For the present large-scale community-based study, we used an abbreviated version of a self-report measure of pubertal status,34 which was computerized and self-administered. Following general instructions, each participant age 10 and older privately viewed pictorial schematic representations, accompanied by text descriptions, of the five Tanner stages of pubic hair growth appropriate for his/her sex, and rated his/her own development on the scale from 1–5.35 Prior validation studies have compared such self-report with Tanner staging conducted by a physician, and found that correlations between physician ratings and self-reported pubic hair ratings were .81 for girls and .63 for boys.34 Due to such known limitations of Tanner stage self-report measures, in the present analysis we focused on subjects who were clearly identified as pre- or postpubertal. As in prior studies, ratings of 1 or 2 were considered prepubertal;36,37 a rating of 5 was considered postpubertal. Subjects with a mid-pubertal rating of 3 or 4 were not included in the present analysis.

Image Acquisition

Structural brain imaging was performed on all subjects using the same imaging sequence (magnetization-prepared, rapid acquisition gradient-echo T1-weighted structural image) on the same scanner (Siemens Tim Trio 3 Tesla, Erlangen, Germany; 32 channel head coil).
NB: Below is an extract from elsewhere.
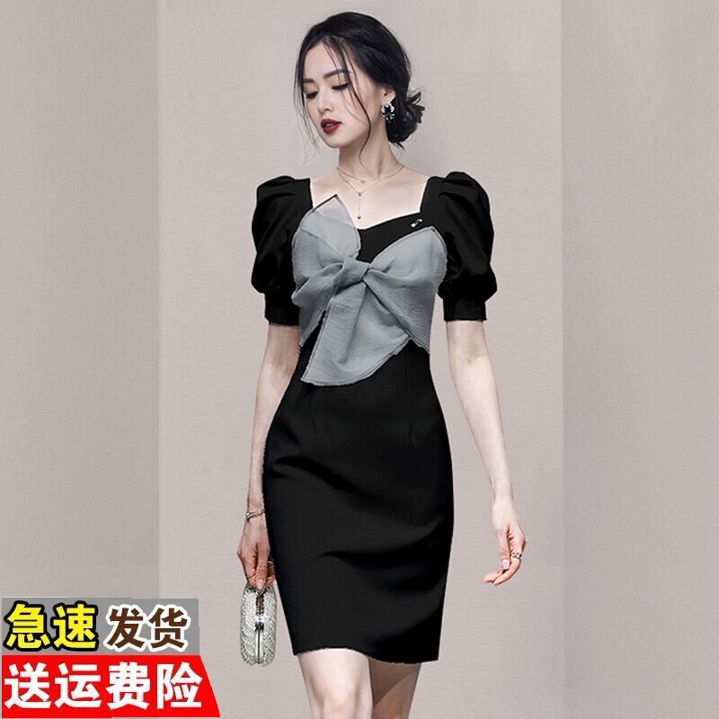 Discount store mall counters withdrawn women's clothing tail goods clearance bow waist waist slim puff sleeve dress リボン スリム missry90904756408 | guttiy

Image acquisition parameters were: repetition time (TR) 1810 ms, time to echo (TE) 3.51 ms, field of view (FOV) 180 × 240 mm, matrix 256 × 192, 160 slices, TI 1100 ms, flip angle 9 degrees, effective voxel resolution of 0.9 × 0.9 × 1 mm. Prior to scanning, in order to acclimate subjects to the MRI environment, a mock scanning session was conducted using a decommissioned MRI scanner and head coil. A trained technician performed scanner QA regularly in order to monitor scanner stability.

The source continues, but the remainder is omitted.